I’m trying to set up a new pump, sand filter, and solar panels for our above ground pool. Whenever I do something like this, my ineptitude at being a handyman goes on full display.

Wrong items picked up at Home Depot, not having everything I need, and hours of watching other people do what I want to do on YouTube, lead to hours of work and very slow progress. To top it off, the flexible piping that was supposed to arrive yesterday still hasn’t come in.

So now I have a half-done job that can’t be finished, and even when the piping comes in, I’m still not 100% sure how I’m going to strap the solar panels onto my garage roof?

I wish I had more skills in this area. I don’t. The good news is that I got a fair bit done today… by putting a lot of time into the project. However, there is still a fair bit to do, I’ll probably end up at Home Depot 2-3 more times, and I’ll be rewatching a few videos when I’m ready to start the new pump and filter up. Such is the life of an un-handyman trying to do handy things. If I keep doing things like this, hopefully I’ll be able to remove the ‘un’ and just call myself handy.

In times of change

I recently shared this quote with a few teachers when I gifted them a book.

“In times of change learners inherit the earth; while the learned find themselves beautifully equipped to deal with a world that no longer exists.” ~ Eric Hoffer

In a conversation with another educator this weekend we talked about the fact that we both knew some people who were terribly upset about technology upgrades because it took them out of their comfort zones. This isn’t just a fear of change, it’s also a frustration about not having everything where it ‘should be’. It can be hard to lose your favourites on your browser, if you never signed in and saved them.

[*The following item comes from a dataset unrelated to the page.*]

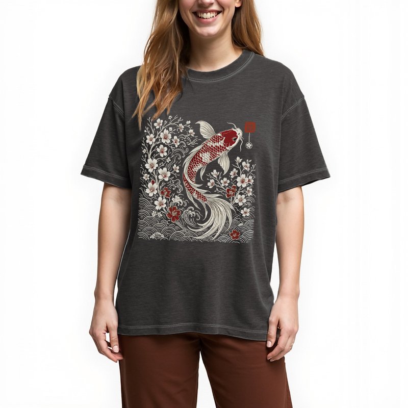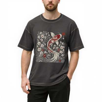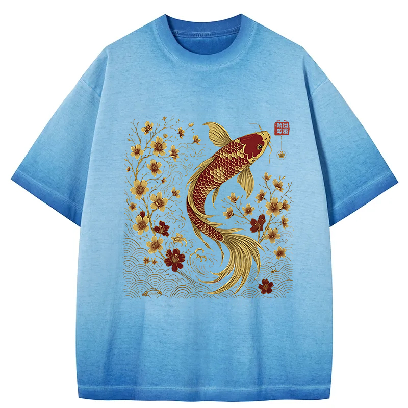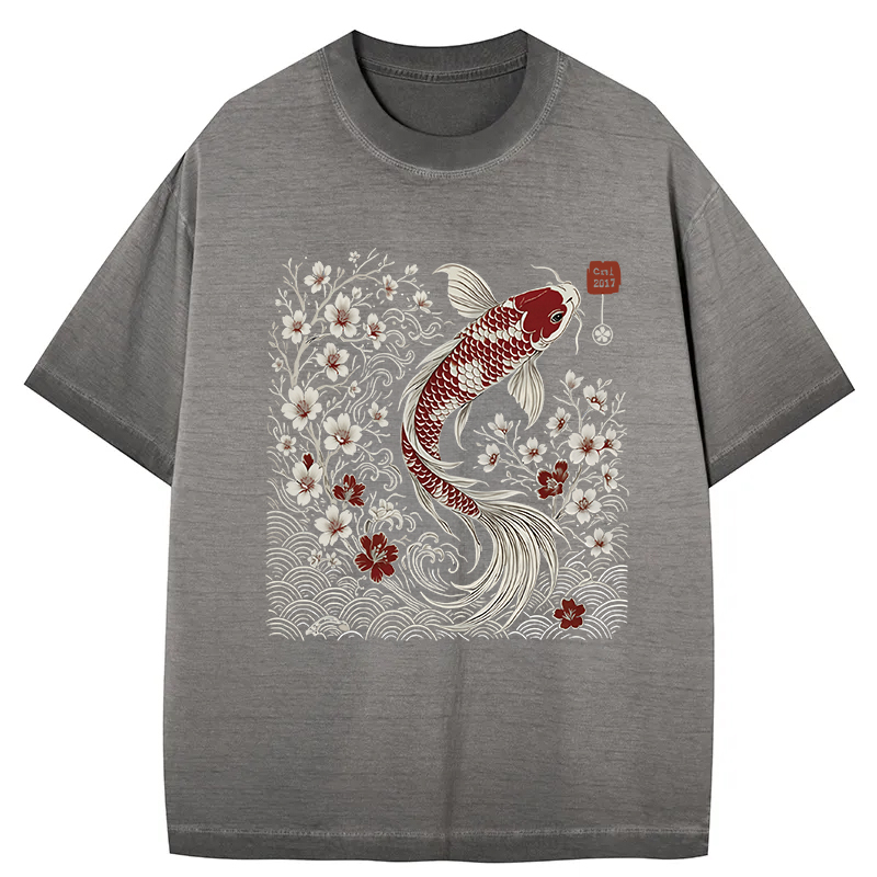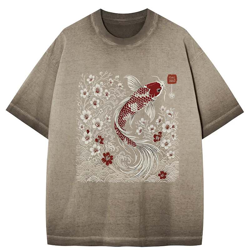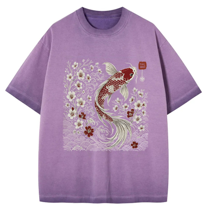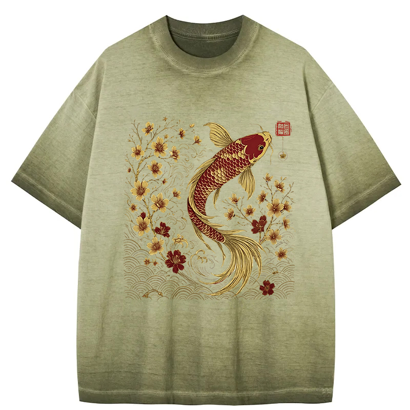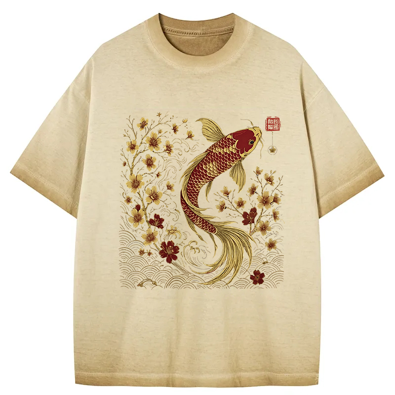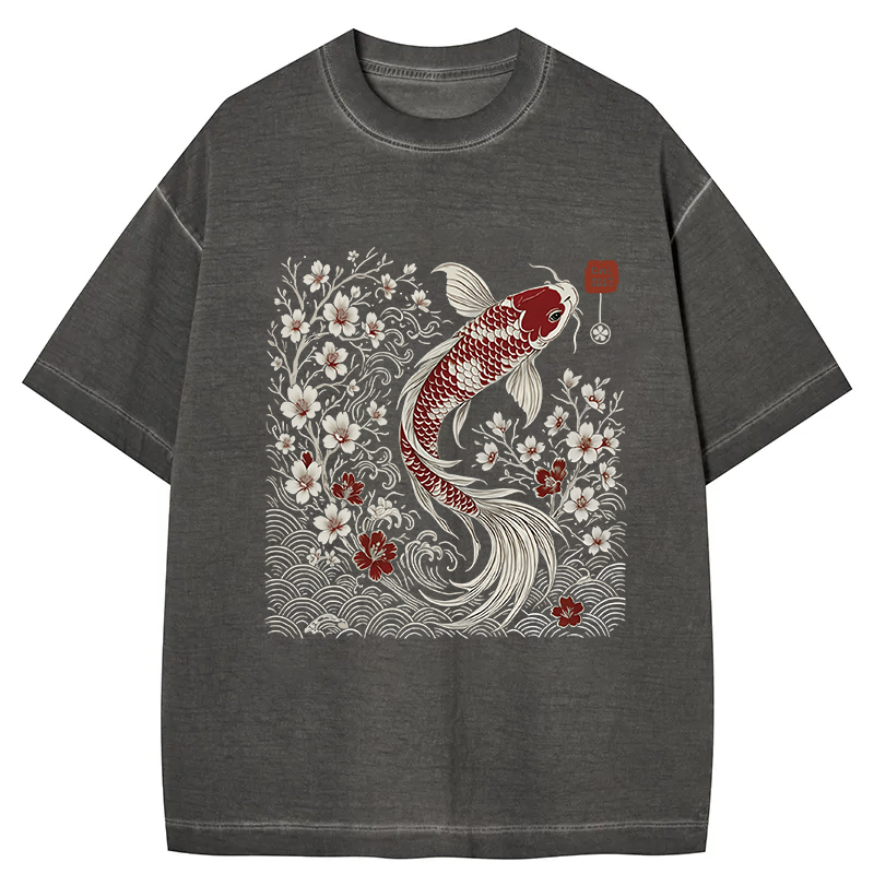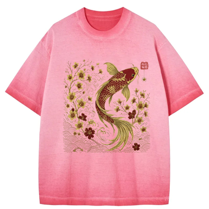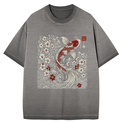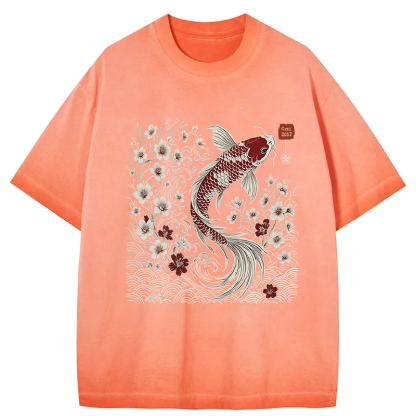 Vintage Sakura And Koi Gradient Washed T-Shirt

It can be frustrating to sign into all your accounts again, or to re-setup all your quick shortcuts (again).

But maybe this becomes the time that this person can learn to sign into their browser and take their favourites with them wherever they go. Maybe they can begin to use the cloud to save their documents rather than their hard drive. But they won’t do this without help.

We can share fancy quotes about the importance of lifelong learning, but if we aren’t helping to foster adult learners on their journey, then are we fostering a learning culture ourselves? Everyone is on their own journey with their own comfort levels. When we push people out of their comfort zones, we need to provide the scaffolding and support so that they can learn and adapt. That doesn’t mean that we keep people in their comfort zone, that we don’t make the need to change… But it does mean that too much frustration without support leads to people shutting down rather than being willing to change.

Delightful laugh

We have a student at our school with the most delightful laugh. She spends her day in the classroom across from our office and she finds many times during the day to share that laugh. My office staff have told me that the same students have to stay in that room, Room 8, next year, because they want to keep this student close (our other classrooms are quite far from the office). While this won’t work with our planning, I totally agree with them.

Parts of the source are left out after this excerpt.